Tests for the SOD1, TARDBP (coding for TDP-43), FUS, ANG, C9orf72, and FIG4 genes, as well as for the gene causing Kennedy disease, are available commercially. Patients with other forms of familial ALS may be referred to receive further information from centers with a research interest in familial ALS.


CT Scanning and MRI

Brain or spinal MRI may be done to rule out structural lesions and neurologic conditions that sometimes account for early clinical features seen in patients suspected of having ALS (eg, multiple sclerosis, brainstem strokes, tumors, spinal radiculopathy). Results of these studies generally are normal in patients with ALS.

Magnetic resonance spectroscopy may also be used, but it has a high false-negative rate. CT scanning with myelography may be needed in patients in whom an MRI cannot be performed safely (eg, because of the presence of a pacemaker, an implantable defibrillator, or metal fragments).

The value of positron emission tomography (PET) scanning and functional MRI in ALS is being investigated. Imaging studies may not be necessary in patients presenting with advanced disease.


Functional Assessment

ALS typically progresses within the area first affected and then to adjacent, contiguous regions. As it progresses, patients’ function and independence diminish. When respiratory muscles are affected, patients may be supported using noninvasive or invasive measures. The majority of patients die of ventilatory failure, most having chosen not to opt for long-term invasive mechanical ventilation. Less than 5% of patients die of other causes, such as a heart attack, a serious infection, or blood clots that migrate to the lungs.

The pace of disease progression varies from patient to patient, and the symptoms depend on the muscles affected. Regular monitoring of the patient’s course assists in directing treatment.

Standardized assessment of patients with ALS was facilitated by the development of the ALS Functional Rating Scale, a 10-item standardized questionnaire. [170] It was revised to give greater weight to respiratory involvement and became the 12-item ALSFRS-R, [171, 172] which is used extensively.

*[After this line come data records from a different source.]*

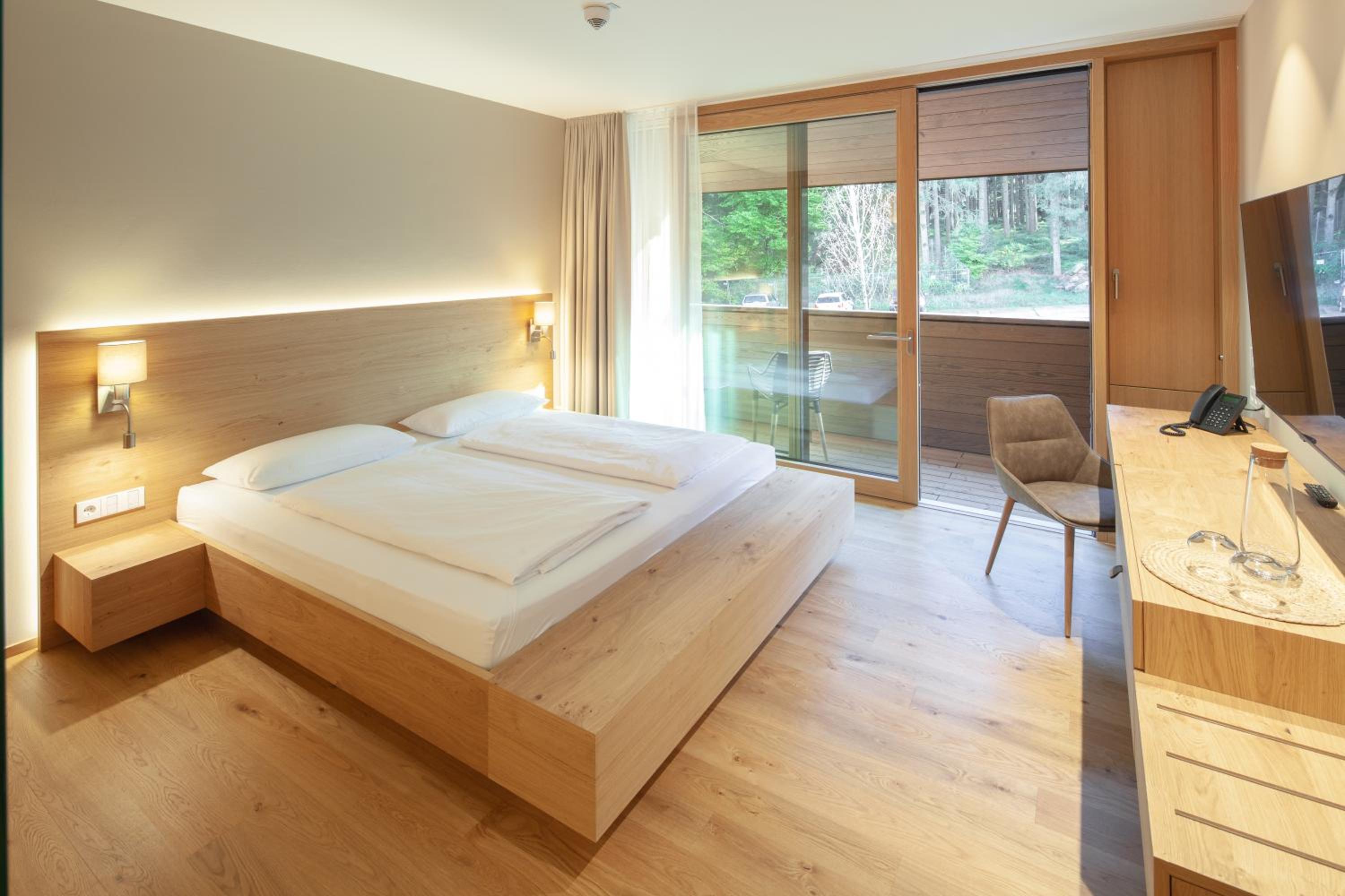 perfekte Lage am Waldrand, sehr gutes und reichhaltiges Frühstücks-Buffet, sehr schöner Sauna-Bereich, wo wenig los war;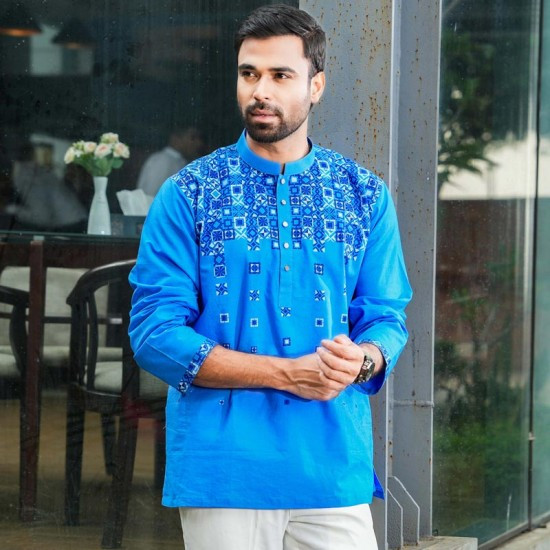 Upgrade your traditional wardrobe with this Blue color embroidered cotton half sleeve gents fatua. Crafted from premium soft cotton for all-day comfort, it features elegant embroidery detailing, making it perfect for casual wear, festivals, or cultural events. Lightweight, breathable, and timeless in design – a must-have for every gentleman.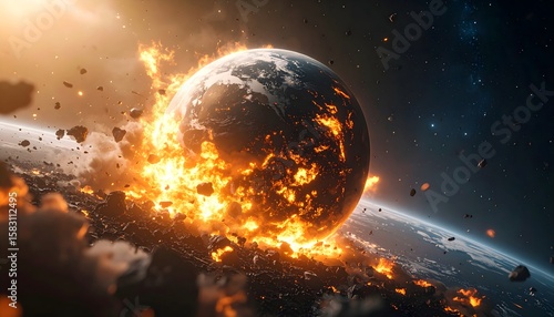 © Desmon, Fototapeta premium Exploding planet in outer space, dynamic fire and light, sci-fi background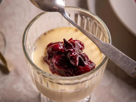 Panna cotta z białą czekoladą i dżemem z wiśni

In the ALSFRS-R, functions mediated by cervical, trunk, lumbosacral, and respiratory muscles are each assessed by 3 items. Each item is scored from 0-4, with 4 reflecting no involvement by the disease and 0 reflecting maximal involvement. The item scores are added to give a total.

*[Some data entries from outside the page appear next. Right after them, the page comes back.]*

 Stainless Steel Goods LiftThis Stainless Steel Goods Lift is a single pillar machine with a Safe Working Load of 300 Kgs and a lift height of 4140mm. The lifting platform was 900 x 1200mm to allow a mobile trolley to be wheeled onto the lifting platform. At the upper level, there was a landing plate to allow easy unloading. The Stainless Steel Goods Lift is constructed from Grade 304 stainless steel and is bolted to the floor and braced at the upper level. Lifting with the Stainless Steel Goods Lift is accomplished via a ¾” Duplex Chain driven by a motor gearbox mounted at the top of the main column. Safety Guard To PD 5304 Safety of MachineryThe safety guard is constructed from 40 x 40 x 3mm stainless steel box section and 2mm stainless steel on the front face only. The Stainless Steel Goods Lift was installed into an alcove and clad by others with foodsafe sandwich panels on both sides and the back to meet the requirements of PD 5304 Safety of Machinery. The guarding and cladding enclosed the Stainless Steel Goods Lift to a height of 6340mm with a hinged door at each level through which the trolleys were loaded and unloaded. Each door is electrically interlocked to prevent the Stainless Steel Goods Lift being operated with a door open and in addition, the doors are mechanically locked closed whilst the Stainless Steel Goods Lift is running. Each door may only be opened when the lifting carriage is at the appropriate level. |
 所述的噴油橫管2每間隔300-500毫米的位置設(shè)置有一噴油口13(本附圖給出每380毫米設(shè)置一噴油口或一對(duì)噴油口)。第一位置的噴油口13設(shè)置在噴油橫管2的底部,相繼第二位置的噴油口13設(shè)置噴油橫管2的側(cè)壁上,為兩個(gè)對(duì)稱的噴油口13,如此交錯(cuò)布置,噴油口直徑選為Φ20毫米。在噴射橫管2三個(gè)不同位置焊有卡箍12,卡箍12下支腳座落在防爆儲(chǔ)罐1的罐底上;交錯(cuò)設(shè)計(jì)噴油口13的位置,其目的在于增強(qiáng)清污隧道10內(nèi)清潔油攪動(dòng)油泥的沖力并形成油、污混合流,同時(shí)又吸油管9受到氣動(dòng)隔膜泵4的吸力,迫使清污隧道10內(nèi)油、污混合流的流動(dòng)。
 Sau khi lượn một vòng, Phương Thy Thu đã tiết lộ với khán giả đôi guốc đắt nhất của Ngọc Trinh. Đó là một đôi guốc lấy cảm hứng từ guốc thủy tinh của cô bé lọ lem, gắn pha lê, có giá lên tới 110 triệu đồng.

Total scores reflect the impact of ALS, as follows:

  • >40 (minimal to mild)

  • 39-30 (mild to moderate)

  • < 30 (moderate to severe)

  • < 20 (advanced disease)

For an individual patient, loss of only 8-10 points on the ALSFRS-R may have severe implications; eg, if respiratory or bulbar function bears the brunt of the losses. A minor limitation of the scale is that it has a floor effect in terms of measuring disease progression in quadriparetic, ventilator-dependent patients.

Most physicians caring for patients with ALS use a measure of the patient’s breathing ability to follow the course of their disease. In the United Kingdon, a governmental clinical guideline exists for monitoring respiratory weakness, with clear points for referral or intervention.

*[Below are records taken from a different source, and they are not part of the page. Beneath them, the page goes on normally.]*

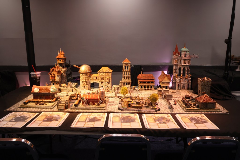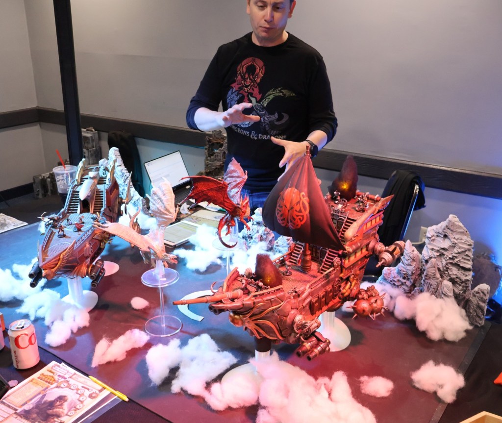 My afternoon was dominated by participation in a Hazard Quest-sponsored game called, “Flight of the Talonfire.” The premise was that the land’s beloved king had been murdered and his daughter was the prime suspect. However, she claimed innocence. Our party, who had previously worked for the deceased king, was hired to break her out, steal a brand-new airship–the namesake Talonfire–and set off for an underground city called Death’s Hold.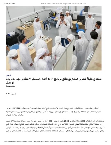 7/7/25, 4:39 PM لﺎﻣﻋﻷا ةدﺎﯾر تارﺎﮭﻣ رﯾوطﺗﻟ "لﺑﻘﺗﺳﻣﻟا لﺎﻣﻋأ دﺋار" ﺞﻣﺎﻧرﺑ ﻖﻠطﯾ ﻊﯾرﺎﺷﻣﻟا رﯾوطﺗﻟ ﺔﻔﯾﻠﺧ قودﻧﺻ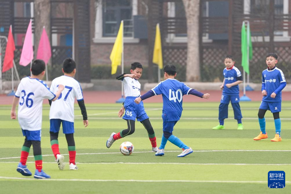 3月2日,北京市海淀区七一小学学生在“浪花杯”班级足球联赛中拼抢。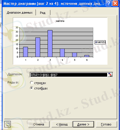 4) Диаграмма құрудың екінші қадамы - мәліметтер аралығын енгізу. Біздің мысалымызда мәліметтерді таңдау әрекеті оларды белгілеу арқылы орындалған еді.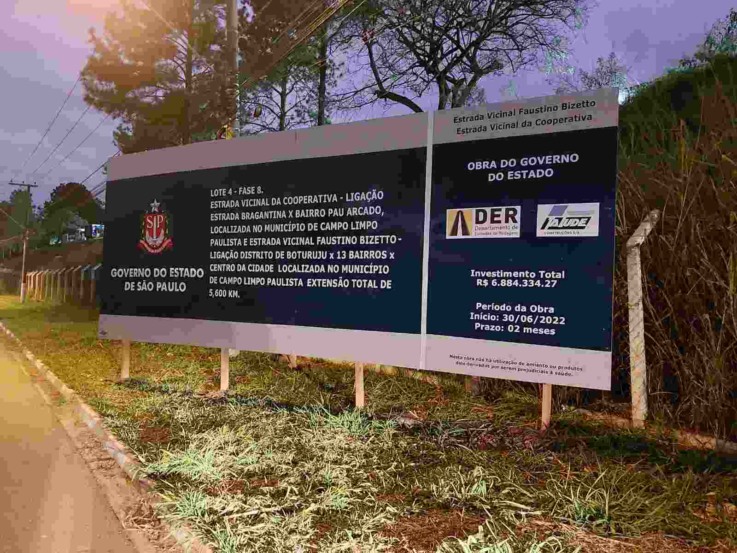 Duas importantes vias começam a ser recuperadas no município de Campo Limpo Paulista. As obras incluem a recuperação e recape da estrada Faustino Bizetto e estrada da Cooperativa, e são realizadas pelo Governo do Estado e Departamento de Estradas de Rodagem (DER), após a solicitação da Prefeitura. O investimento total para a obra foi de R$ 6.884.334,27 e a expectativa de término é para o final do mês de agosto.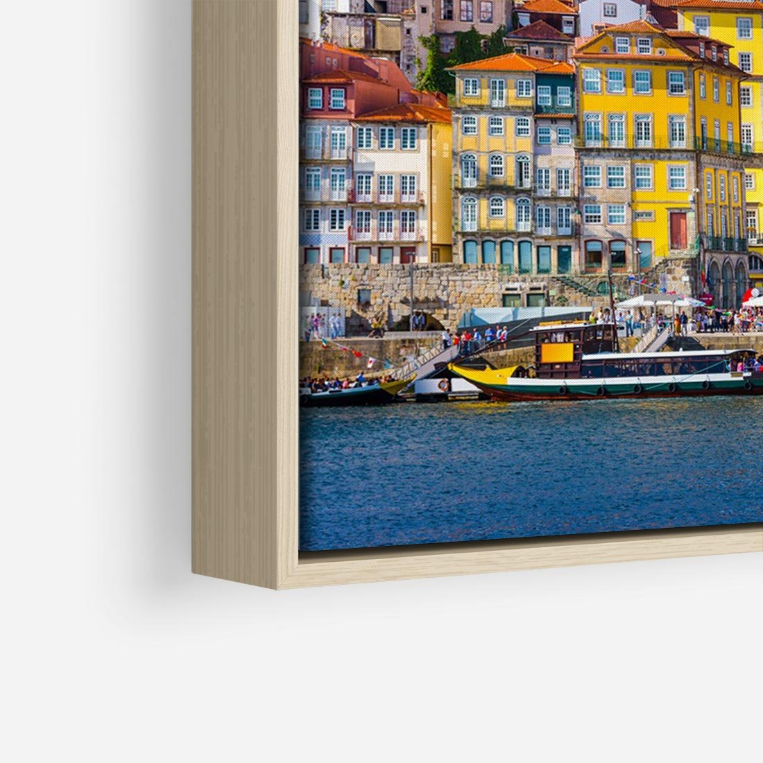 Obraz w ramie 70x50 - Kolorowa Przystań - nadmorskie miasto, kolorowe budynki - rama drewno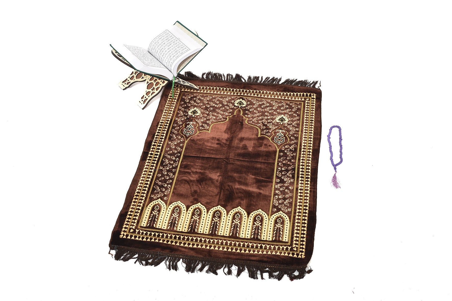 Add a touch of elegance and serenity to your prayers with this luxurious brown prayer rug, featuring rich gold Islamic embroidery. Made from soft and comfortable fabric, it's perfect for daily use or as a meaningful gift. Lightweight and foldable, ideal for travel or home.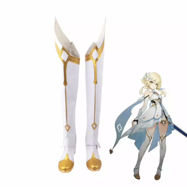 Features: This cosplay shoes is based on the character Traveler Female from  Genshin Impact. It can be used in cosplay conventions and Halloween party.

Of the tests of pulmonary function, vital capacity is used most commonly. Additional measures, such as maximal inspiratory and expiratory pressures, arterial blood gas measurements, and overnight oximetry, may provide earlier evidence of dysfunction. Comparison of vital capacity in the upright and supine positions may also provide an earlier indication of weakening ventilatory muscle strength.